Suppose that $p: X \to B$ is a covering space where $X$ its not necessarily arc-connected. Prove that $p|_{X_0} :X_0 \to B$ is a covering space. Let $B$ be path connected and locally path connected. Suppose that $p \colon X \to B$ is a covering space where $X$ is not necessarily path connected. Let $X_0$ be a path component of $X$. Prove that $p|_{X_0} \colon X_0 \to B$ is a covering space.
For this I have to show 3 things. That:


*

*$p|_{X_0} : X_0 \to B$ is a surjective and continuous function (which can be straight forward since $p$ is a covering space).
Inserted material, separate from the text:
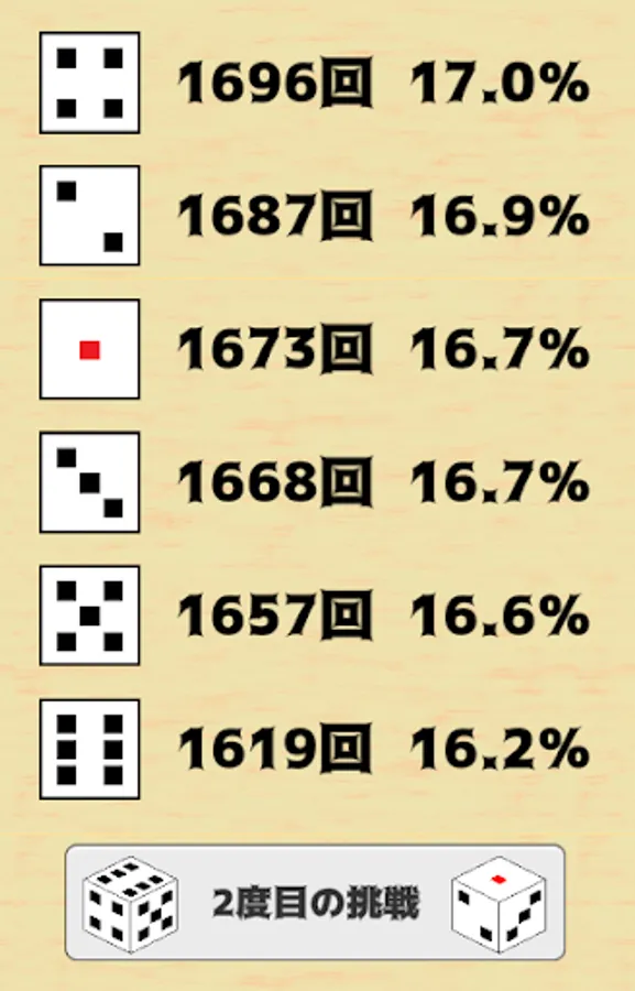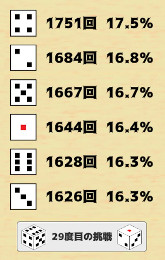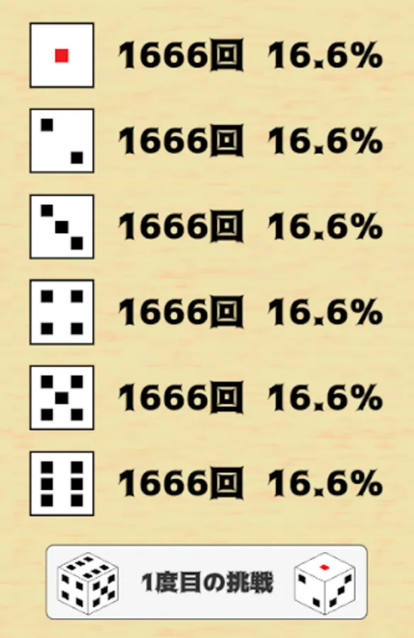 You can roll the dice with rolls 1 to 6 10,000 times in 0.1 seconds to display the result.

*There exist an open set $U$ such that $p^{-1}(U)= \sqcup V_{\alpha} $ with $V_{\alpha} \subset X_0$.

*$p|_{V_{\alpha}} \colon V_{\alpha} \to U$ is a homeomorphism.
Since $p$ is a covering space there already exist a $W$ open set that satisfies 2 and 3 ($W$ is evenly covered).
Can someone help me to structure well the proof.
 A: *

*$p \mid_{X_0}:X_0 \to B$ is certainly continuous, but needn't be surjective. Luckily some definitions (for instance, Hatcher's) do not require this. 

*I think you mean that for every $b \in B$, there is some open set $U \ni b$ such that $p\mid_{X_0}^{-1}(U)$ is a disjoint union of sets in $X$ each of which is mapped homeomorphically to $U$ by $p\mid_{X_0}$ (I'm combining your 2 and 3).
We already know that such a $U$ exists because $p$ is a covering. By local path connectedness, we can assume that $U$ is path connected (otherwise replace it with a path connected set contained in $U$). Because $p$ is a cover, $p\mid_{X_0}^{-1}(U)$ is a disjoint of sets (as above) intersected with $X_0$. 
Because each copy of $U$ in $p^{-1}(U)$ is path connected, and $X_0$ is path connected, the disjoint sets of $p^{-1}(U)$ that intersect $X_0$ must lie entirely in $X_0$ (fill in details). Then, when we look at the restriction, $p\mid_{X_0}^{-1}(U)$ is a disjoint union of sets in $X$ each of which is mapped homeomorphically to $U$ by $p$, and therefore by $p\mid_{X_0}$, as required.